[Opening Source material section]
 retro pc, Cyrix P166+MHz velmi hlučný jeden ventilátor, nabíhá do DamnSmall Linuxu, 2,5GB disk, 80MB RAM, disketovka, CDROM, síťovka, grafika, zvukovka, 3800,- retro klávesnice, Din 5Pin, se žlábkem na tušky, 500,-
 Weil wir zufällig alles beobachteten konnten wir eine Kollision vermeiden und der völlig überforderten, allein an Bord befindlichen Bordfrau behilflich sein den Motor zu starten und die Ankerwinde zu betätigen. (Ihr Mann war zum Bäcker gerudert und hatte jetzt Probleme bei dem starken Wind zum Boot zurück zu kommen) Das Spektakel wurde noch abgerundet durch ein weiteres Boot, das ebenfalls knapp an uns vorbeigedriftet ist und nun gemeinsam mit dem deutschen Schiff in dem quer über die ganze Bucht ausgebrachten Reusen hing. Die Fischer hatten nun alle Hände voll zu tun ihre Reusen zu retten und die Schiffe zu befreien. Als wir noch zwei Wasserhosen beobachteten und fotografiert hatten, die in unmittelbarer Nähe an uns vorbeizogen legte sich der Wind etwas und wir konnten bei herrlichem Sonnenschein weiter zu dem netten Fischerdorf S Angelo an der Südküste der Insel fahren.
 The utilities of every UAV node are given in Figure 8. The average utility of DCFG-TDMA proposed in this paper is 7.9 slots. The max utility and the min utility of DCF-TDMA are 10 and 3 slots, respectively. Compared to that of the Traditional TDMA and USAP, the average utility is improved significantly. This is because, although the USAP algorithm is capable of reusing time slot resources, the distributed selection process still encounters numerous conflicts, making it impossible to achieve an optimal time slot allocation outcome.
[Closing Source material section]
[Opening Source material section]
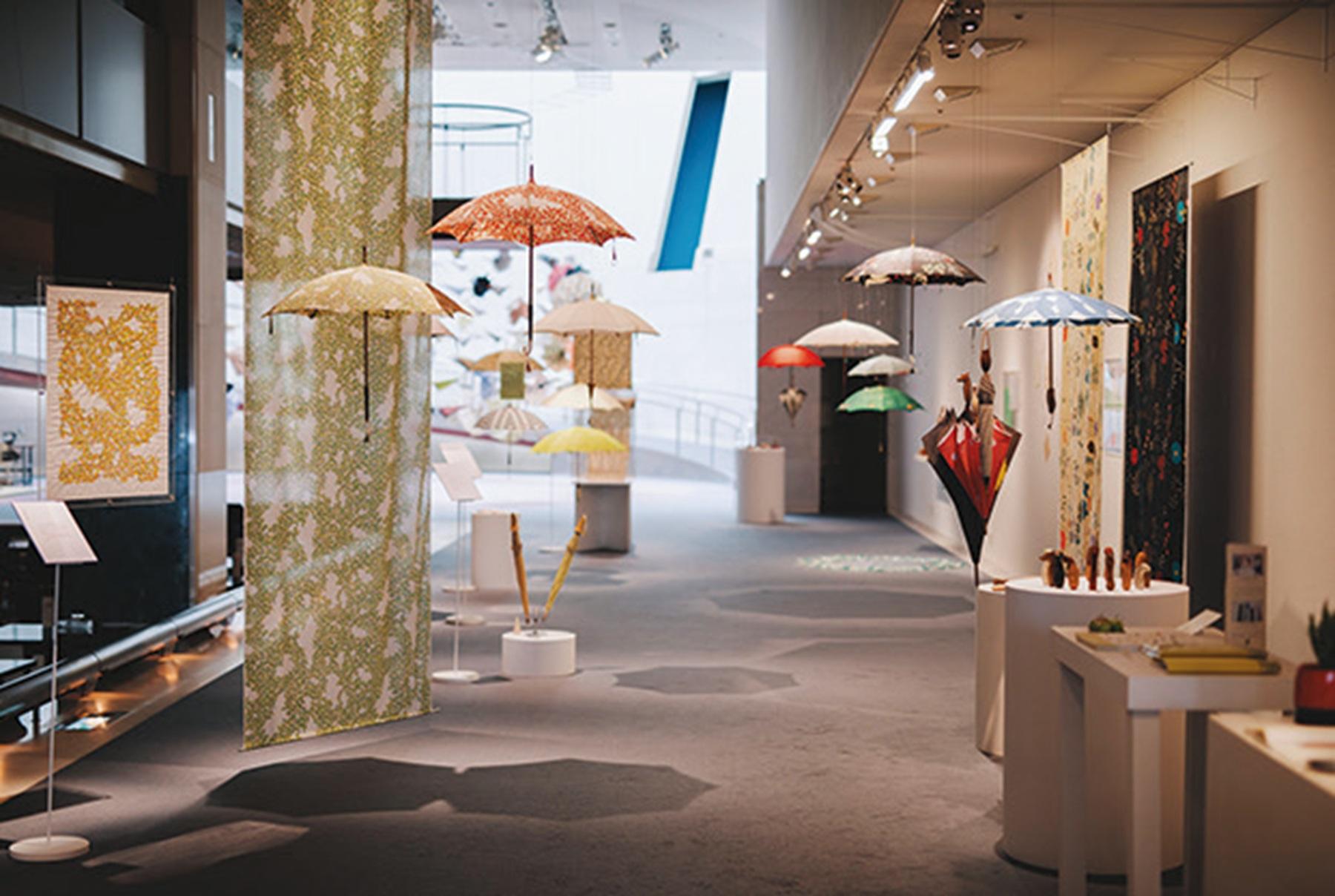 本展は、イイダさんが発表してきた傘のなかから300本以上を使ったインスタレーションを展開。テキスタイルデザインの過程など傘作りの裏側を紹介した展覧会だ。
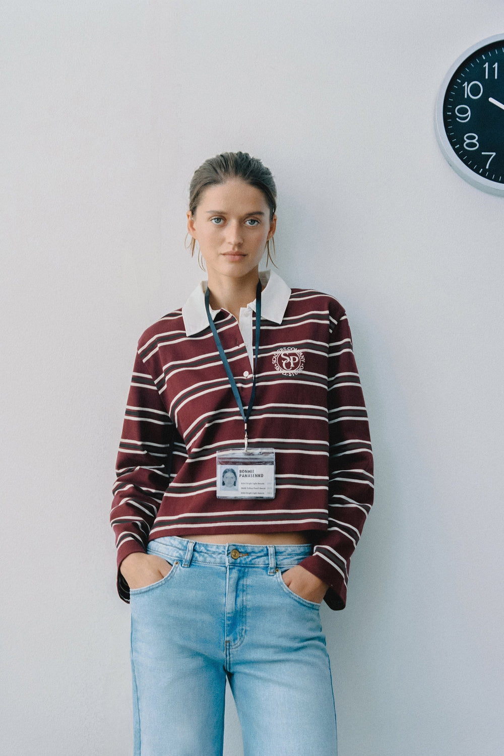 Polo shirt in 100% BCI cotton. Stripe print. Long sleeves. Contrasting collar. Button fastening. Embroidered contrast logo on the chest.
[Closing Source material section]
Nothing but the lines above from the line with "本展は、イイダさんが発表して" up to and including the line with "Polo shirt in" should be returned, exactly as written and without pictures.

Expected output:
 本展は、イイダさんが発表してきた傘のなかから300本以上を使ったインスタレーションを展開。テキスタイルデザインの過程など傘作りの裏側を紹介した展覧会だ。
 Polo shirt in 100% BCI cotton. Stripe print. Long sleeves. Contrasting collar. Button fastening. Embroidered contrast logo on the chest.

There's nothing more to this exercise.